Key Responsibilities
• Develop graph data models using Neo4j, RDF, and SPARQL/Cypher for building semantic knowledge representations.
• Support the design and enrichment of ontologies using OWL and Protégé, aligning data schemas for GenAI use cases.
• Build components of agentic AI systems using frameworks like LangGraph, CrewAI, or AutoGen under senior guidance.
• Assist in implementing RAG pipelines, working with vector databases and embedding models for improved document search.
• Implement agent-to-agent (A2A) interaction flows and agent memory structures in prototype-level applications.
• Work with Python, integrating APIs from LLM providers (OpenAI, Anthropic, etc.) with knowledge graph backends.
• Maintain documentation, test cases, and reusable code modules for internal projects.
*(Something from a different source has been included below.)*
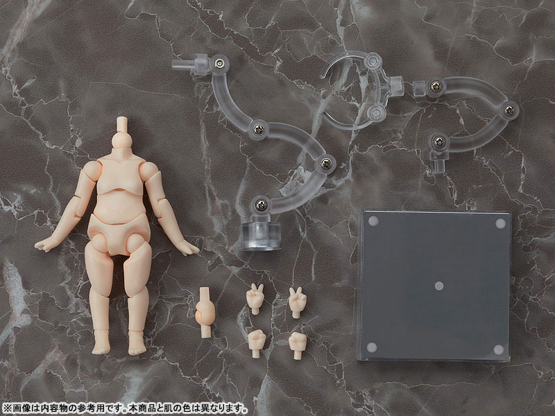Figure body Dedicated pedestal Description Prototype production: Sawada Kobo The girl body of the “Nendoroid Doll” series is back! “Nendoroid Doll” is a palm-sized action figure with a Nendoroid head and a body size that makes it easy to wear cloth clothes, allowing for a wide range of articulation. In addition to enjoying free posing with the magnets on the soles of the feet and the special pedestal, various action poses are also possible using the support that matches the scene. Please use the special long neck joint when changing clothes made of cloth. Heads can be easily exchanged with existing Nendoroids, so enjoy combining them with your existing characters. *Nendoroid head is not included. *Depending on the design of your Nendoroid character, it may not be possible to assemble it correctly. note that. *In archetype 1.1, the included pedestal has been updated to the latest specifications.

Required Skills & Experience
• 2–4 years of experience in data science or NLP/ML roles.
• Exposure to GraphDBs like Neo4j or Neptune and basic query languages like Cypher or SPARQL.
• Understanding of ontology basics, OWL standards, and tools like Protégé.
• Familiarity with GenAI tools and libraries (LangChain, LangGraph, CrewAI, etc.).
• Strong Python skills with ability to work with REST APIs, LLM SDKs, and embedding models.
• Good documentation, debugging, and collaboration skills.
Preferred Qualifications
• Bachelor’s degree in Data Science, Computer Science, or related field.
• Familiarity with agent protocols (MCP, A2A) and experience participating in GenAI POCs or hackathons.
• Interest in growing expertise in semantic AI, graph-based ML, and agentic systems.